After a moment of deliberation, he draws a smiley face with a whiteboard marker above Light’s eyebrows. His long lashes flutter against his cheekbones. His suit is buttoned to his throat, and it’s too small for him, falling apart at the seams, faded. Light still puts it on every day without fail. The long, pale arc of his throat is exposed, lungs pumping slowly, steadily. It’s lulling.

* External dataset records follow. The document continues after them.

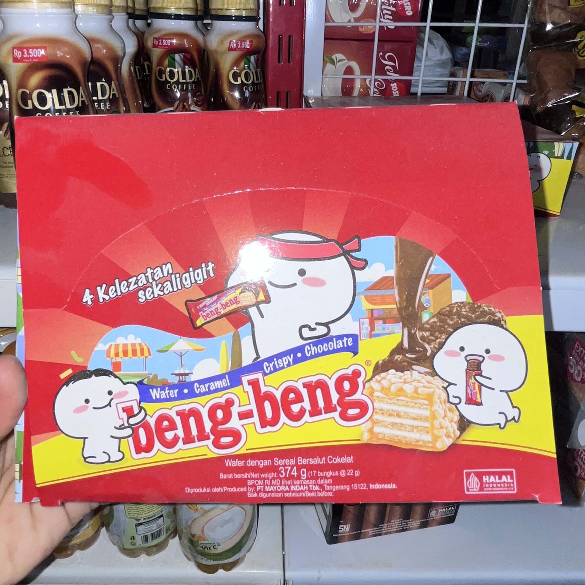 Camilan cokelat legendaris dari Beng-Beng produksi Mayora Indah. Perpaduan wafer renyah, karamel manis, crispy, dan cokelat dalam satu gigitan bikin rasanya khas dan nagih.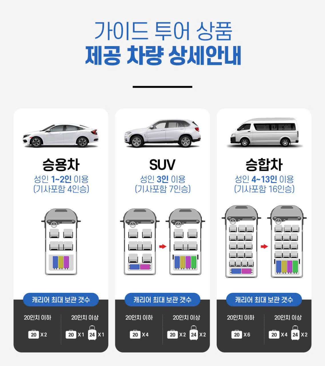 * 예약인원별 차량제공안내, 성인 1-2인 승용차 / 3인은 SUV 차량 제공 / 성인 4-10인은 승합차 제공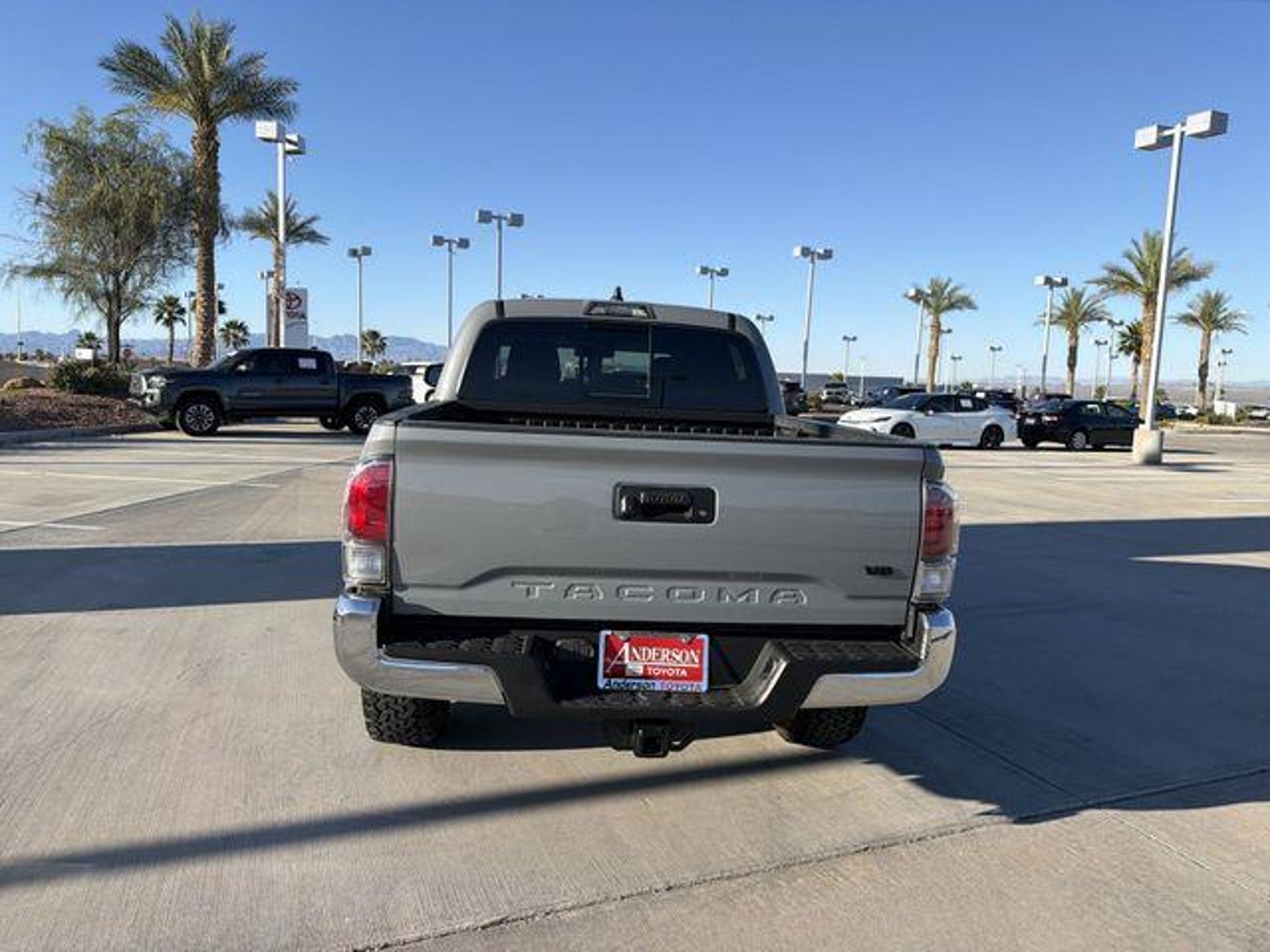 2021 Toyota Tacoma TRD Off-Road V6 RWD Cement This rugged and capable pickup is ready to take on any adventure! With an impressive array of features, this Tacoma is equipped to handle any terrain with ease. Key highlights include: - Blackout Package (TMS) - TRD Off Road Package - LED Fog Lamps with Black Bezel - All-Weather Floor Liners and Door Sill Protectors (TMS) - Blackout Emblem Overlays (TMS) - Bed Lighting Kit (TMS) - Black Chrome Exhaust Tip (TMS) - Truck Bed D-Rings (TMS) - AM/FM radio: SiriusXM - Automatic Temperature Control - 120V/400W Deck Mounted AC Power - Engine Immobilizer - Smart Key with Push Button Start - Brake Assist - Apple CarPlay/Android Auto - Alloy Wheels Powered by a 3.5L V6 engine, this Tacoma delivers an impressive 278 horsepower and 24 highway miles per gallon, making it both powerful and efficient. The 6-speed automatic transmission and rear-wheel-drive configuration ensure a smooth and responsive driving experience, whether you're navigating the city streets or tackling rugged off-road terrain. Its Cement exterior color adds a touch of sophistication, while the TRD Off-Road package equips this Tacoma with the necessary hardware to conquer any challenge. From the Black Overfenders and Black Tailgate Insert to the Black Chrome Exhaust Tip, this Tacoma is built to stand out and perform. Inside, the cabin is packed with a wealth of advanced technology and convenience features, including Automatic Temperature Control, Smart Key with Push Button Start, and a 120V/400W Deck Mounted AC Power outlet. The spacious and well-appointed interior offers ample room for both passengers and cargo, ensuring a comfortable and versatile driving experience. Visit Anderson Toyota today or give our friendly sales staff a call to schedule your test drive, . WHY BUY FROM ANDERSON: All Anderson pre-owned vehicles include a 3-month or 3,000 mile powertrain limited warranty and one-year/15,000 mile (whichever occurs first) vehicle maintenance plan when the vehicle is serviced at an Anderson Auto Group dealership. Out of town customers will be accommodated with free shuttle service from Las Vegas and Phoenix airports and if an overnight stay is needed, discounted nightly rates are available from local hotels. We welcome you to come in and enjoy a positive buying experience and look forward to you joining the Anderson family of customers. DISCLAIMER: Prices, options, specifications and images shown are subject to certain qualifications and availability. Pricing information is not final and may not include taxes, registration, finance and purchase fees. Please confirm vehicle availability and pricing information by calling us at or emailing our internet sales department at . Some exclusions apply, see store for details.

One year later, standing beside and around desolation, and he still looks very beautiful. He likes Light more than anyone he’s ever liked, but he doesn’t like Light. It’s a pity, he thinks, studying him, that he wasn’t born in the ancient times. Roman sculptors would have loved crafting his likeness.
Here he is instead. Scraping plates, breathing toxic air, wearing and re-wearing his only bad suit, letting his hair grow past his ears, dislocating bones and popping them back, losing sleep and scrabbling for the last pieces of autonomy and control, it’s interesting how desperation shapes the human psyche.
And if this isn’t desperation.
L unbuttons the top two buttons of Light’s suit, takes off his shoes, and settles down in his seat. The smell of burnt wood and ruination is heavy in the air, it’s the end of the world, Light-kun, our affordances are few and far between, he pushes his hair out of his eyes.
The helicopter splutters, and lifts.
*
Light wakes up and bites him.
L thumbs the teeth mark on his arm absently. “Ow.”
“Fucker.” He breathes, chest fluttering shallowly, eyes darting around, bloodshot. A cold wind blows in through rolled-open windows, coasting off his suit sleeves. “I can’t feel my arms.”
“It’ll wear off.”
“Fucker.” He repeats, without inflection. Like he’s saying it on principle. If L leaned his head on his chest right now, he wonders what he would feel.
He doesn’t reply. Watches Light compose himself. His overgrown hair is spread out around his head, like a halo. There’s barely any salt in the air - barely any salt at all - and his sinuses are mournfully intact. He remembers being here, one year ago, crouched in the shade, sand caught between his teeth, advising the president of China about the financial state of things through Aiber’s earpiece while Aiber did what Aiber does best, charming the wits, and then some, out of everyone and anyone as Elrado Coil, detective extraordinaire, as if he wasn’t just a proxy for L to physically be where he cannot, and will not. It’s an anniversary, of sorts. He was there because of Light. He is here because of Light, now.
Aiber is dead. Probably. He can name all the oceans in the world, but they are all functionally nameless now.
“Where are we?” Light tries sitting up, and promptly flops down, undignified. He closes his eyes and doesn’t try again.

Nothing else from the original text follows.